The Nerves That Don't Clear by Kick-Off

Most kids get the pre-match butterflies and shake them off the second the whistle goes. Yours doesn't. Yours goes quiet on a Wednesday because there's a game on Saturday, picks at breakfast on the day, and looks like they'd rather be anywhere else right up until kick-off.

It's easy to read that as not caring, or not coping. It's usually neither.

The Essentials

  • Settling nerves and lingering nerves are different. Butterflies that clear at kick-off are healthy. Nerves that hang around all week are a child carrying something they can't yet put down.

  • Nerves are not the enemy. A bit of nervousness means it matters to them. The goal isn't zero nerves — it's nerves they can hold.

  • "Don't be nervous" doesn't work. You can't instruct a feeling away. You can sit beside it.

  • Quiet, snappy, or clingy can all be nerves. It doesn't always look like worry. Sometimes it looks like a bad mood or a sore tummy.

  • Your calm is contagious — so is your tension. If match mornings feel high-stakes to you, they'll feel high-stakes to them.

The Deep Dive

Nerves are not a malfunction. They're a sign your child cares about something they can't fully control — which is most of football. A bit of nervousness usually just means it matters to them.

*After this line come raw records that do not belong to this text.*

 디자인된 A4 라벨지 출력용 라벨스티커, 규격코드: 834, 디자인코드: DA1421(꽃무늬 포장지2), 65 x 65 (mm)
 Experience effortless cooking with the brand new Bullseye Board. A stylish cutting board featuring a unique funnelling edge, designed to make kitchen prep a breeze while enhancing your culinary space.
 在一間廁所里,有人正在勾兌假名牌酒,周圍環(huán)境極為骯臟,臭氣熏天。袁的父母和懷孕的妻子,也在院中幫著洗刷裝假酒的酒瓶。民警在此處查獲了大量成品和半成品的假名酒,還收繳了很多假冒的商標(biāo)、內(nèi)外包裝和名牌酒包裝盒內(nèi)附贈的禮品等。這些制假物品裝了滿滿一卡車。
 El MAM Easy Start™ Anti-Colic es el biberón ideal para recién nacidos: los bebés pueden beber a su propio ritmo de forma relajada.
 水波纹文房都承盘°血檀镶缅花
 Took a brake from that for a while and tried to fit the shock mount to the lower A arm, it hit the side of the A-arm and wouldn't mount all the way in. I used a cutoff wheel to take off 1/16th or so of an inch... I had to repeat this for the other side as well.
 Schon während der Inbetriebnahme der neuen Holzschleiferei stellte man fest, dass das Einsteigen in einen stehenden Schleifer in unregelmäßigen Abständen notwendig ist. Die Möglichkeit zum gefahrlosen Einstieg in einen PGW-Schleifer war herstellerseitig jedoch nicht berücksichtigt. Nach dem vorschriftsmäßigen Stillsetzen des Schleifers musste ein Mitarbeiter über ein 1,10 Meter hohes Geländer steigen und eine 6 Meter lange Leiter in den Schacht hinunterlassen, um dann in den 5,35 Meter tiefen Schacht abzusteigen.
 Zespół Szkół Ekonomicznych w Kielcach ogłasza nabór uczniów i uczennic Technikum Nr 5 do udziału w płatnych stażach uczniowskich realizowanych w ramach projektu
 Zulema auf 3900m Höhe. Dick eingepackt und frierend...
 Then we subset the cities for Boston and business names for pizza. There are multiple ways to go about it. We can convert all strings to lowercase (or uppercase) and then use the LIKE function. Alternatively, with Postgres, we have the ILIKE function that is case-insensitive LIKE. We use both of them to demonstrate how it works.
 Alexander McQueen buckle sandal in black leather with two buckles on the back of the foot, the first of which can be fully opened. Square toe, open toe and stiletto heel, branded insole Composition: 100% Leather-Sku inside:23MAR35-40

The mistake we make is treating nerves as a problem to solve before kick-off. You can't talk a child out of a feeling, and trying usually tells them the feeling is wrong. What helps is the opposite: naming it, normalising it, and staying unbothered by it. Yeah, I used to get that too. It means you're ready.

Much of what a nervous child needs is borrowed steadiness. They read the size of the day off your face before they read it off the pitch. If you're calm about the game, the game shrinks; if match morning runs on tension, theirs will too.

And it helps to lower the stakes that are actually in your gift to lower. Make the car, the kit, the breakfast and the goodbye boringly routine — the fewer things that feel like a big deal, the smaller the whole morning feels.

Your job isn’t to make the nerves disappear. It’s to be the calm they borrow until they can carry it themselves.
— Coach Rob

One honest line to hold, though. Everyday football nerves are normal and they pass. If the worry spills well beyond football — sleep, school, most days, not just match days — that's worth a quiet word with someone beyond the touchline — your GP, their teacher, or another trusted professional. That's a different thing from a child who hates Saturday mornings.

The Takeaway

Mindset Shift: Nerves aren't a flaw to fix. They're a feeling to carry — and your child can carry far more when you're steady beside them.

This Week: Pick one part of match morning and make it dull on purpose — same breakfast, same route, same unbothered goodbye. Drop any pre-game pep talk entirely and see if the morning gets lighter.